Your job with the data below is to output exactly the lines from the one holding "Подшипник шариковый опорно-поворотный" down to the one holding "国庆节、中秋节假期,合肥轨道交通行车调整", both included, and no others.

### INPUT FOR THIS TASK ###

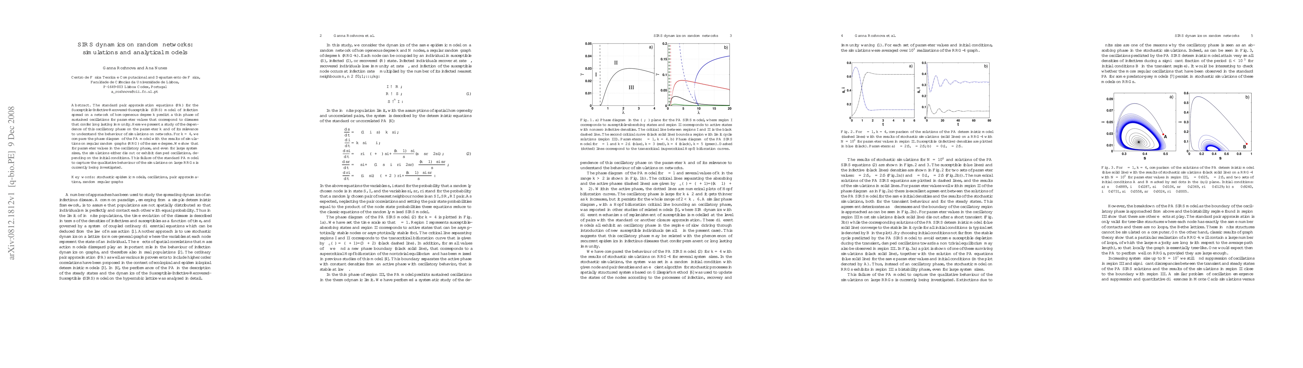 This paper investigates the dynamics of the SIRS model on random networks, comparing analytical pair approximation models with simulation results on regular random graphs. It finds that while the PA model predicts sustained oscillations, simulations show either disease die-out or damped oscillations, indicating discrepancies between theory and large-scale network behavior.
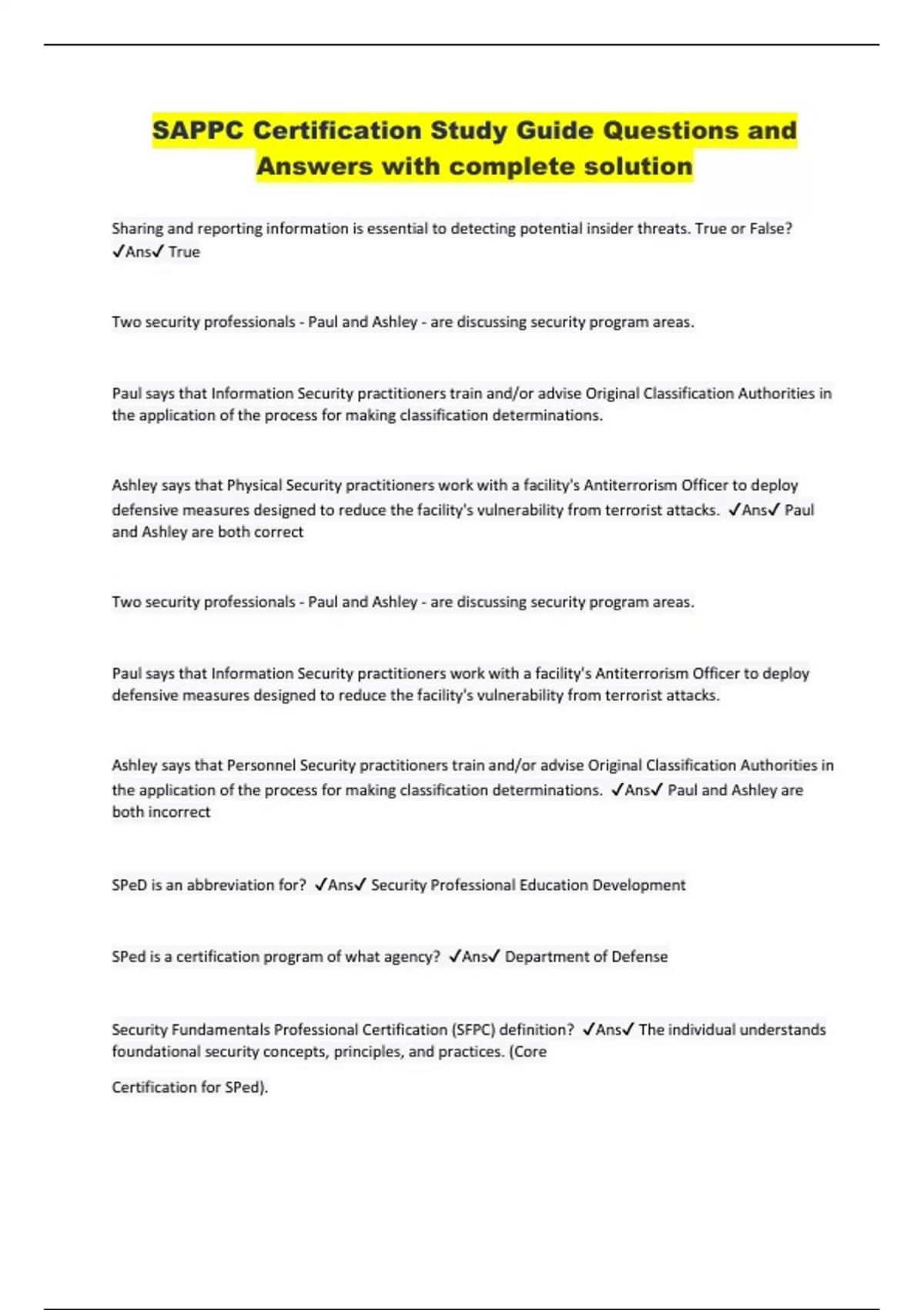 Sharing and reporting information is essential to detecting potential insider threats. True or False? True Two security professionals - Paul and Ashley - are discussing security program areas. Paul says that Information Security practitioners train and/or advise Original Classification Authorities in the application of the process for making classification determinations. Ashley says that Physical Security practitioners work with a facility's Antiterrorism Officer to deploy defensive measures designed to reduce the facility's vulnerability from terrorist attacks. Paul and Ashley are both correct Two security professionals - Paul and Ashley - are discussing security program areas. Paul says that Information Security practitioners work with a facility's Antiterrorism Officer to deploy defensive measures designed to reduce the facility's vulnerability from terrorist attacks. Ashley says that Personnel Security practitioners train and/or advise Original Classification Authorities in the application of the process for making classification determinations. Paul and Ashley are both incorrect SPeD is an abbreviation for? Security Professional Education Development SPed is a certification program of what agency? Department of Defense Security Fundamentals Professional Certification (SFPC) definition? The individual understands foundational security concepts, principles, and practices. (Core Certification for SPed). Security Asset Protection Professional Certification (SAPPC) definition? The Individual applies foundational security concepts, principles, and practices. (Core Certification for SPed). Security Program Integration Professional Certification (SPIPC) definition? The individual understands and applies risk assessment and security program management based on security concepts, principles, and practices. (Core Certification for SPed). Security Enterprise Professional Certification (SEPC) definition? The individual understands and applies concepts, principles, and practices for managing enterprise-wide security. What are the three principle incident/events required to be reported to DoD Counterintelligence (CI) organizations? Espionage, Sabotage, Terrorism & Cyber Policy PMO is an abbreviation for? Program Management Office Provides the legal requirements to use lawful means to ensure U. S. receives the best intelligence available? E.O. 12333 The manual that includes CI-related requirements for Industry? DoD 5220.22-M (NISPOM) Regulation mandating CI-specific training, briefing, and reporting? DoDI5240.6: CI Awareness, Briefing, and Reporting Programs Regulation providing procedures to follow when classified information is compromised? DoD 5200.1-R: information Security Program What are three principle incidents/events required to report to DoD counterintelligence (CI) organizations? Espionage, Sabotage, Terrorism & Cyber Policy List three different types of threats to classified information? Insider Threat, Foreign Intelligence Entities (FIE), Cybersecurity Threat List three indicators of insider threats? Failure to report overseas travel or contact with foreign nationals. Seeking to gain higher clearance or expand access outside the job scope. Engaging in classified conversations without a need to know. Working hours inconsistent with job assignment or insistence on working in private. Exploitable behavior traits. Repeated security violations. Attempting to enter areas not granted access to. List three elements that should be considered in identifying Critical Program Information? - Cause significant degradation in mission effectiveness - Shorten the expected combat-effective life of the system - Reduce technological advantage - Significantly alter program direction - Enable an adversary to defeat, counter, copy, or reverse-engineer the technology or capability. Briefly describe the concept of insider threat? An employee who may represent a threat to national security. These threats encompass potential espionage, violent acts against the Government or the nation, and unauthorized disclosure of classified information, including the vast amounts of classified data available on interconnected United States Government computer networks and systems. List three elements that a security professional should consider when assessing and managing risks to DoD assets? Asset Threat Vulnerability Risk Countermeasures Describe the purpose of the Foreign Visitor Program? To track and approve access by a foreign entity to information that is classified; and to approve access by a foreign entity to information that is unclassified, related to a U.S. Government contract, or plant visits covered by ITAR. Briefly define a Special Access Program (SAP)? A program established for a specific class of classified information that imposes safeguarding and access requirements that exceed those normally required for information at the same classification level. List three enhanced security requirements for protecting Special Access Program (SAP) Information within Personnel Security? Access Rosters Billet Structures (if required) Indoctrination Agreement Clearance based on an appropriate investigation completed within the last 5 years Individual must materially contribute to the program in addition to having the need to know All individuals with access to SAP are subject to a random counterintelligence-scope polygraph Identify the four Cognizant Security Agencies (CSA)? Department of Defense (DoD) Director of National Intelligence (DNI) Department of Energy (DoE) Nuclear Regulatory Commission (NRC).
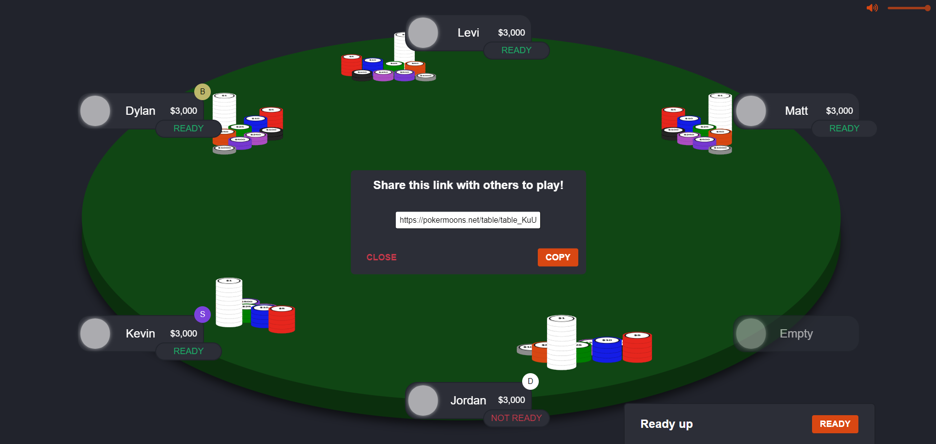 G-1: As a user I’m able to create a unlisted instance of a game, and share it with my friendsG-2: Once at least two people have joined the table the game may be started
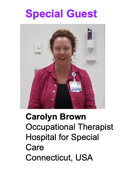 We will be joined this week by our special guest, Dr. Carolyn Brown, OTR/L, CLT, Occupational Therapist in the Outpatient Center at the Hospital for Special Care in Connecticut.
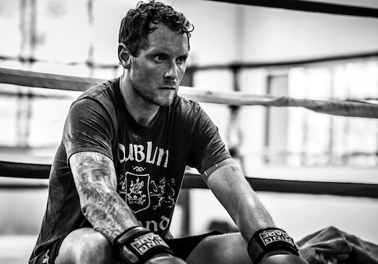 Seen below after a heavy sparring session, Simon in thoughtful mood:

###
### INPUT FOR THIS TASK ###

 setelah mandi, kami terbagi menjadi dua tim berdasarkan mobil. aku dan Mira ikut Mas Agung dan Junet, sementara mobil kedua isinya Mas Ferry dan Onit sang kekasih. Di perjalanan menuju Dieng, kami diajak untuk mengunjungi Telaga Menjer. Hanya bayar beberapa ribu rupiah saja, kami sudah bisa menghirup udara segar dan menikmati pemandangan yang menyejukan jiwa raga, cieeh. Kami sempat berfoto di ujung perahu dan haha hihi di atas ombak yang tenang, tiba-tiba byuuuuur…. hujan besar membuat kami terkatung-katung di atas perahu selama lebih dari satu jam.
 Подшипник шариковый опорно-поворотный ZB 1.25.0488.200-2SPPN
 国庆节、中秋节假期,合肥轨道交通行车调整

###

## SOLUTION
 Подшипник шариковый опорно-поворотный ZB 1.25.0488.200-2SPPN
 国庆节、中秋节假期,合肥轨道交通行车调整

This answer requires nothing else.